Congress generally expects health institutions employing doctors accused of wrongdoing to file a report into the National Practitioner Data Bank (NPDB), a federal tracking system.
Hospitals must query the data bank before credentialing a newly hired doctor to ensure that the person hasn’t gotten into trouble elsewhere. Data bank reports also go to state licensing boards.
In court depositions, Abraham recalled getting a phone call from Edmund Pribitkin, chief physician and executive vice president of Jefferson Health, telling him that he had to take an immediate leave of absence from Jefferson.
If he didn’t do as told, Pribitkin said, the sexual assault allegations would go before the hospital’s medical executive committee and they’d likely have to report him to the NPDB, according to Abraham.
So, Rothman essentially blackmailed Dr Abraham into taking an immediate leave, by saying that the Institute would commit a crime by not reporting the sexual assault allegations. That’s not investigating, but bargaining. Perhaps it’s not just the District Attorney who needs to look into this, but the United States Attorney as well, given that this is an allegation of violation of federal law.
There’s a lot more information at the Inky’s original, and it’s not limited to subscribers, though if you access more than a few articles a month, the paywall does come down.
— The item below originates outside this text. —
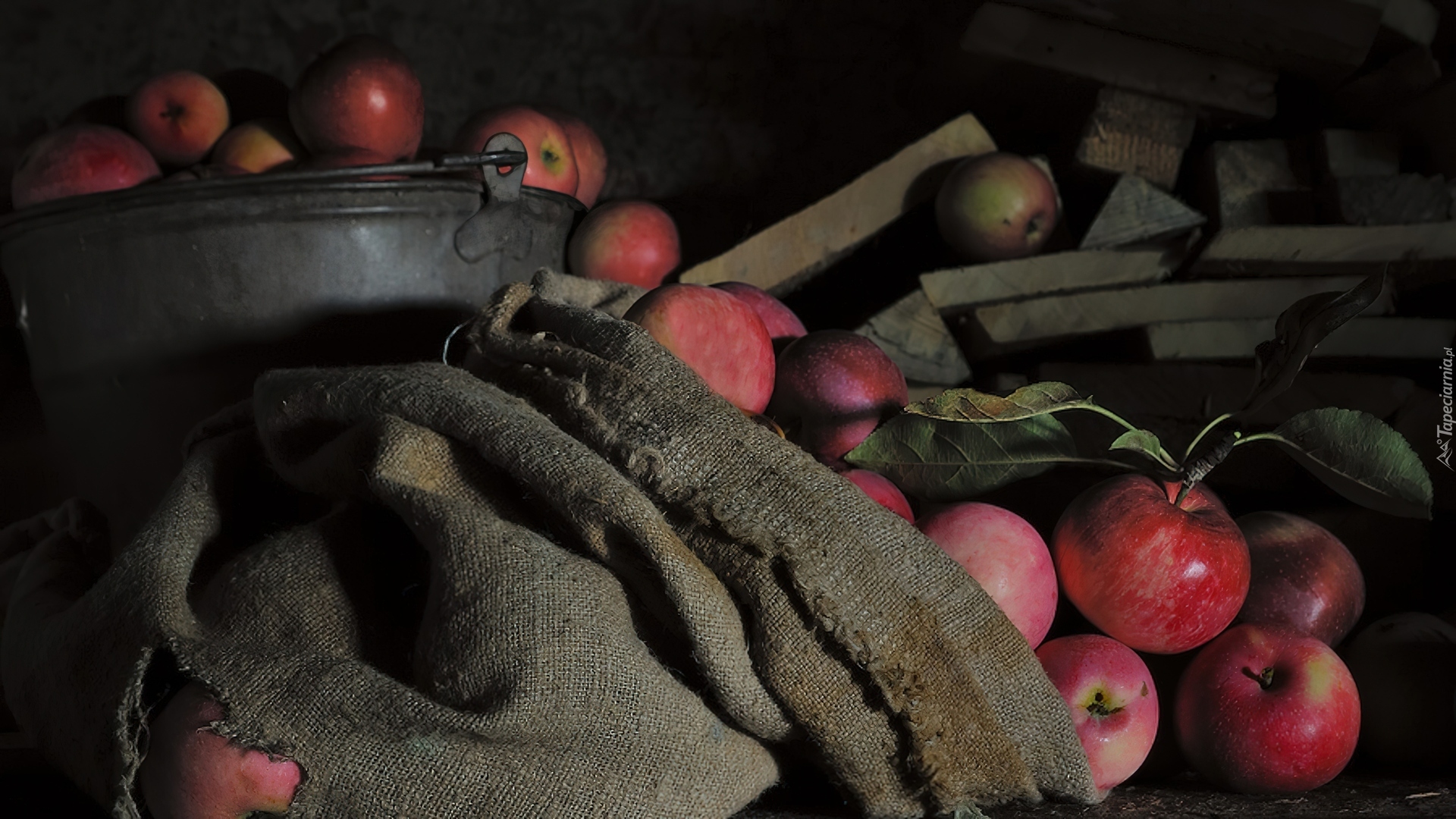 Edytor tapety: Jabłka, Worek, Wiadro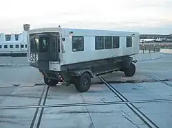 The mobile lounge was an innovative feature of the main terminal at Dulles International Airport, designed by Eero Saarinen.[1] Saarinen promoted the mobile lounge concept with a short animated film by Charles and Ray Eames.[2] Dulles Airport was the realization of the concepts expressed in the film. Dulles's designers thought that by shuttling from the main terminal directly to a midfield jet ramp, they could save passengers from long walking distances amidst weather, noise, and fumes on the ramp. The advent of the jet bridge and construction of the two midfield concourse buildings at this airport canceled out the benefits of the system.

As a Mass-every-Sunday Catholic, I was very disappointed with the allegations against Msgr Lynn. At most, I saw what he was alleged to have done as a crime by Cardinal Anthony Bevilacqua, but when this became a criminal case, the Cardinal, by then retired, 88-years-old, and suffering from cancer and dementia, couldn’t be tried. Early in the trial, Judge Sarmina ruled that Cardinal Bevilacqua was able and competent to give testimony as a witness in the case, but just two days after her ruling, the Cardinal died in his sleep. But while Mr Williams and Judge Sarmina misapplied the law as it stood, which resulted in an unfair, and eventually reversed, conviction, the point that the Archdiocese of Philadelphia shuffled around offending priests to keep them from being defrocked or, worse, charged, tried, and convicted in sexual abuse cases was a valid one. Supervisory officials such as then Pennsylvania State University President Graham Spanier, Athletic Director Tim Curley, and Senior Vice President for Finance and Business Gary Schultz, who was responsible for oversight of the campus police department, were all held accountable for covering up former Assistant Football Coach Jerry Sandusky’s rape of a young boy, though they were incarcerated for just a couple of months each.
The Inquirer’s story is the first step, and now law enforcement needs to look into this case. Yeah, there are some wealthy and powerful interests involved here, people able to pay for major league legal help, but the potential prosecution has plenty of money as well. Hold them accountable, and maybe some other good old boys network will think twice before covering up things.